J.CaM1.6 and Jurkat cells (1 × 106) were stimulated with 2 µg/ml phytohemagglutinin (PHA)-P (Honen, Tokyo) or 100 ng/ml SEE and Raji cells (5 × 104) for 16 h. After wash with staining buffer (Hanks' balanced saline solution containing 5% calf serum and 0.02% sodium azide), cells were stained with fluorescein isothiocyanate-conjugated anti-human CD69 (Pharmingen, San Diego, CA) in staining buffer. Samples were analyzed by flow cytometry using FACScan (Becton-Dickinson, San Jose, CA).


RESULTS

Jurkat cells, which express Vbeta 8, were previously shown to respond strongly to staphylococcal enterotoxins A, D, and E presented by Raji cells, a leukemic B-cell line (32). To analyze the detailed mechanism of T-cell activation by staphylococcal enterotoxins, NF-AT-dependent transcriptional activity was measured after stimulation. As shown in Fig. 1A, treatment with SEE plus Raji cells strongly induced the NF-AT activity of Jurkat cells. Surprisingly, J.CaM1.6 cells, which are Lck-deficient (6), showed equivalent reactivity against SEE compared with Jurkat cells. This activation by SEE is TCR-dependent since the TCR-negative Jurkat mutant, J.RT3.T3.5 (27), did not show any response. SED also activated J.CaM1.6 and Jurkat cells equally well (Fig. 1B). There was no difference between Jurkat and J.CaM1.6 cells in reactivity against limited amounts of SEE (Fig. 1C). On the other hand, the anti-idiotypic antibody against Jurkat TCR, C305 (27), completely failed to activate J.CaM1.6 cells (Fig. 1D). It should be noted that the CD45-deficient mutant, J.45.01 (28), showed a greatly reduced response to SEE (Fig. 1A).

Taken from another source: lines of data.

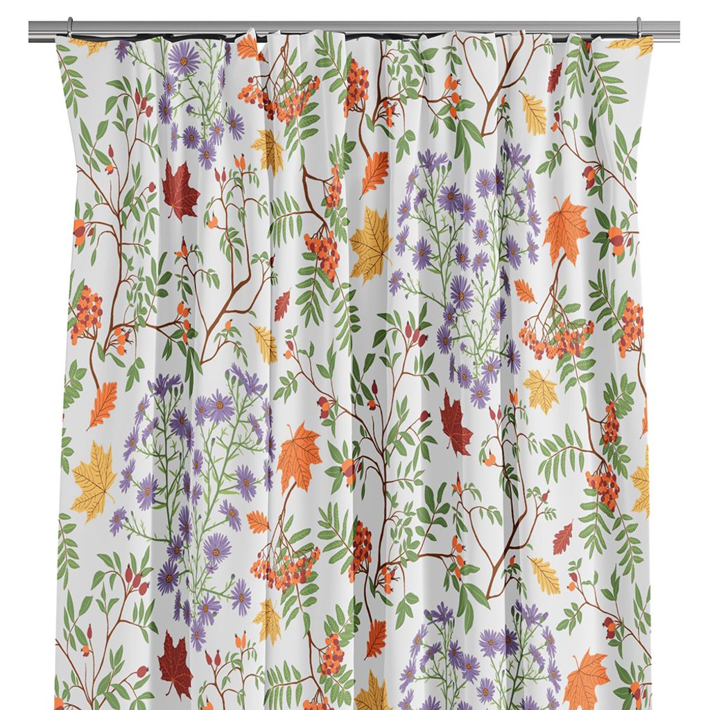 Skapa en varm och inbjudande känsla i ditt hem med Höstaster gardiner, ett textilval som fångar skönheten i den svenska höstens flora. Mönstret är rikt och illustrativt, med inslag av rönnbärskvistar, höstlöv i röda, orangea och gula toner, samt lila höstastrar – allt mot en klar vit bakgrund som gör att färgerna verkligen får ta plats.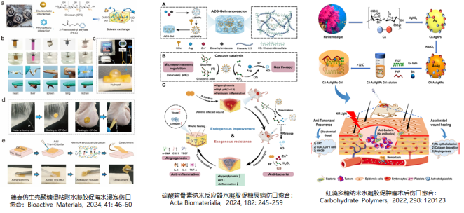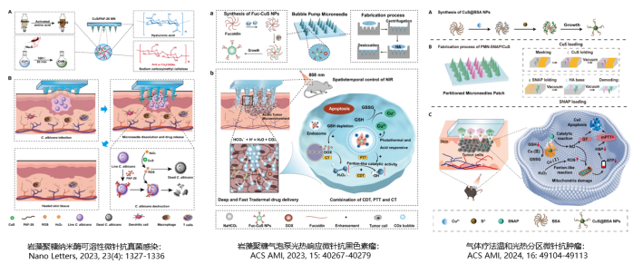 (1)仿生水凝胶:通过模拟藤壶、贻贝等海洋生物的粘附机制,以海藻多糖或寡糖为载体并与无机纳米材料、金属有机框架(MOF) 等材料复合,构建了具有抗菌、止血、湿粘附、促愈合等作用的多功能水凝胶。分别用于促进烧烫伤、全层伤口、糖尿病伤口、肿瘤术后伤口和海水浸泡伤口的愈合。 (2)新型微针:分别构建了纳米酶微针、气泡泵微针、分区微针、热收缩微针等新型微针药物递送系统,并结合光热、光动力、化学动力学和气体治疗等技术,用于皮肤深层真菌感染治疗、肿瘤治疗和促伤口愈合等。 (3)药物靶向递送系统:基于肿瘤微环境或肿瘤干细胞特点,结合基因递送、光热、光动力、免疫治疗和纳米自组装等技术,设计和构建了不同的智能响应性药物靶向递送系统。用于抗肿瘤复发和转移、抗骨关节炎、抗类风湿性关节炎、抗糖尿病关节炎等疾病的治疗。 | ||||||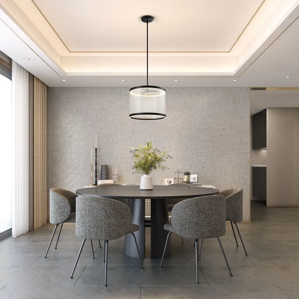 The Cora collection chandelier enchants with its modern elegance, showcasing a sleek black metal frame paired with a silver organza hardback shade. This LED chandelier exudes a soft yet striking glow, illuminating through its top and bottom rings to create a warm ambiance. Equipped with a versatile 5CCT switch, it offers customizable lighting to suit any mood or setting. This design seamlessly blends functionality and style, making it a refined statement piece for any interior.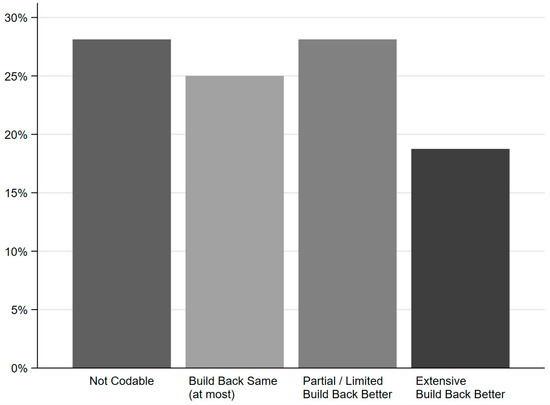 We analyzed the responses to gauge the extent to which participants indicated implementation of a “Build Back Better” approach in the reconstruction of homes for members of vulnerable populations in their respective areas. Figure 2 shows that approximately 1/4 of responses (25%) indicated that the focus of reconstruction efforts was to get disaster victims’ houses back to where they were, i.e., to merely “get that place habitable” or to get housing back to a place where it was “safe, sanitary and secure and addressing basic needs”. Slightly more respondents (28%) discussed reconstruction efforts that involved a limited application of Build Back Better ideas, often bounded by cost and feasibility constraints. Finally, approximately one in five respondents (19%) described recovery and reconstruction efforts that placed major emphasis on BBB. Slightly more than one quarter of respondents (28%) did not respond to the question on Build Back Better, or provided a response which could not be categorized.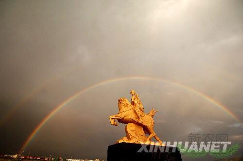 7月14日,绚丽彩虹挂在金银滩草原一处雕塑上空。新华社记者嘎玛摄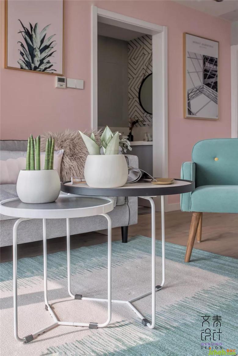 在這個(gè)可愛的小窩里,客餐廳依舊是緊密相連的,為了順應(yīng)戶型的格局,餐廳的設(shè)計(jì)巧妙的采用了側(cè)切式的格局,餐桌緊貼著這塊斜方的墻面,這樣的設(shè)計(jì)既充分的利用了這片小空間,又不失美觀大方,營造出來的溫馨質(zhì)感瞬間圈粉,二人世界,燭光晚餐,突然有點(diǎn)甜。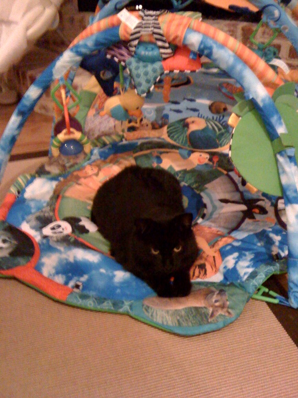 The first one, my favorite is Buddy's Baby Einstein mats. He started out with one,"the ocean adventure one", since I wanted him to have some sort of a beach here in Mississippi, and has recently gotten "the around the world mat", I wouldn't want him getting bored with just one. :)He has been playing with these since he was only 1 month old. He stays on them for an hour at a time and just talks away. There is a mirror on each which he LOVES to stare at himself for a good 30 minutes at least. The second item being a Boppy Lounger. NOT the boppy that looks like a U but the one that has a middle. It is a MUST in our household. Lil E sleeps, eats, lounges, talks,and watches tv in it. He LOVES it. Mom and Dad love it too, because if you don't want to hold your sweet one all day long this is a great solution! So for all of those having little ones or need a great baby shower gift that is a little different these are great! Also as you will see in the photos below Cricket thinks whatever is Easton's is hers also :)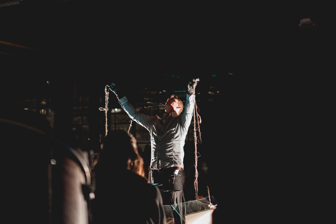 This corporeal program ignites with the strike of a match by the conductor-apparent. As the silent hall returns to its initial darkness, Verstockt’s DRIE surrounds the audience. The match, providing the basic human need of fiery light also serves as a visual passage of time. The conductor, striking and blowing out each match serves as time’s keeper.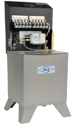 Each solenoid valve can be independently controlled and may be programmed to spray at different intervals, and for different durations (minimum 20 milli-seconds) during a press cycle. Pax’s optional PLC control or an alternate, existing control be utilized to operate the system.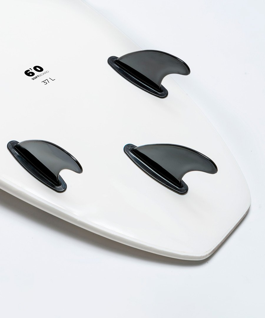 Want to start catching waves on your own? Well, the Standard models offer a wide range of Softboards that have one thing in common, they are easy and safe to surf. For both whitewater warriors and green wave gliders these boards will make every surf session fun! IXPE TOP HDPE BOTTOM EPS CONSTRUCTION SF5 THROUGH DECK FINS SETUP *Fins included with all softboards 6’0 x 20’’ x 2 1/2’’ – 37 ltrs Also included with product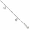 Sterling Silver Puffed Heart Charms 10 inch Plus 1 inch Extender - Total 11 inch Anklet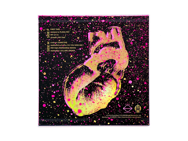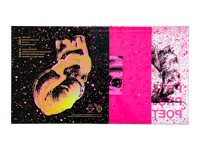 ความงามของดนตรีกับความงามของปกเป็นสิ่งสำคัญ เราใช้ประสาทสัมผัสทั้งทางตา หู และมือไปพร้อมกัน (หากร้องเพลงตามไปด้วยก็จะได้ใช้ปาก) . . . ดังนั้นการที่เบลได้รับโอกาสในการออกแบบ packaging ชุดนี้เลยอยากให้ผู้ฟังได้รับแต่ละประสาทสัมผัสที่เบลพยายามออกแบบไว้ โดยเลือกใช้วัสดุที่ส่งผลต่อมิติทางการมองและการสัมผัสที่หลากหลาย ไม่ว่าจะเป็น PVC jacket เนื้อมันเงา มองทะลุได้จากทุกด้าน และการเลือกใช้กระดาษ Mermaid Neo Pink ในทุกส่วนที่เป็นกระดาษของงาน ความพิเศษของกระดาษสีชมพูสะท้อนแสงย้อมถึงเยื่อ พื้นผิวด้าน เนื้อฟู คล้ายกระดาษสำหรับวาดรูปสร้างความประทับใจให้กับเบลตั้งแต่ครั้งแรกที่ได้เห็นและได้สัมผัส และกระดาษตัวนี้ยังเหมาะกับแนวความคิดในการออกแบบบรรจุภัณฑ์สำหรับโปรเจคนี้ (คำสำคัญของอัลบัมนี้คือ P ที่มาจากคำว่า Pink)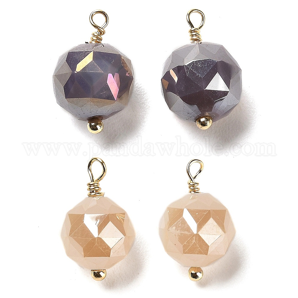 Стеклянные подвески, с покрытием стойки, петли из латуни с покрытием из настоящего золота 18k, граненые круглые подвески (02Q1HQ)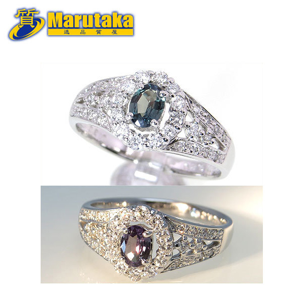 > 【Pt900 0.20ct アレキサンドライト ダイヤモンド リング】11.5号 鑑別書付 指輪 プラチナ カラーチェンジ おしゃれ 上品 中古 13r143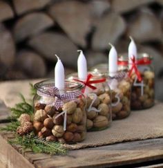 Ja, Sie haben richtig gelesen. Aus Gläsern – besser gesagt aus Einmachgläsern. Füllen Sie diese hierfür einfach zu ¼ mit Salz, Zucker, Reis, Nüssen oder anderen Deko-Steinen auf und legen darauf die Kerzen. Die Gläser können Sie außerdem mit Kunstschnee, Tannenzweigen, einer schönen Schnur oder einem Band verzieren.

Fig. 1. Lck-independent activation of NF-AT by SEE and SED. A, NF-AT activation by SEE in mutant lines derived from Jurkat cells. Jurkat cells and mutant derivatives were stimulated with Raji cells pretreated with SEE (100 ng/ml). Each cell line, except J.RT3.T3.5, expresses an equivalent level of TCR (not shown). SEE-induced NF-AT activity is presented as the percent activity against maximum responses induced by stimulation with phorbol 12-myristate 13-acetate plus ionomycin. The J.CaM1.6 cell line is the Lck kinase-deficient derivative of the Jurkat cell line. J.RT3.T3.5 cells lost expression of TCR due to the mutation of the TCR beta  chain. J.45.01 cells are deficient in expressing CD45 protein-tyrosine phosphatase. B, comparison of stimulatory ability of SEE and SED in J.CaM1.6 and Jurkat cells. Jurkat (open bars) and J.CaM1.6 (closed bars) cells were stimulated with Raji cells pretreated with 100 ng/ml SEE or SED. NF-AT activity in cells stimulated for 10 h was determined and is presented as the -fold increase over unstimulated Jurkat cells. C, reactivity of Jurkat and J.CaM1.6 cells against limited amounts of SEE. The sensitivity of Jurkat and J.CaM1.6 cells to SEE was tested by serially diluting SEE. NF-AT activity under each condition was determined and is presented as the percent activity of the maximum response of Jurkat cells. D, anti-receptor antibody-induced NF-AT activity in Jurkat cells, but not in J.CaM1.6 cells. Jurkat and J.CaM1.6 cells were stimulated for 10 h with serially diluted ascites of anti-TCR monoclonal antibody C305. NF-AT activity was determined and is presented as described for C.
[View Larger Version of this Image (25K GIF file)]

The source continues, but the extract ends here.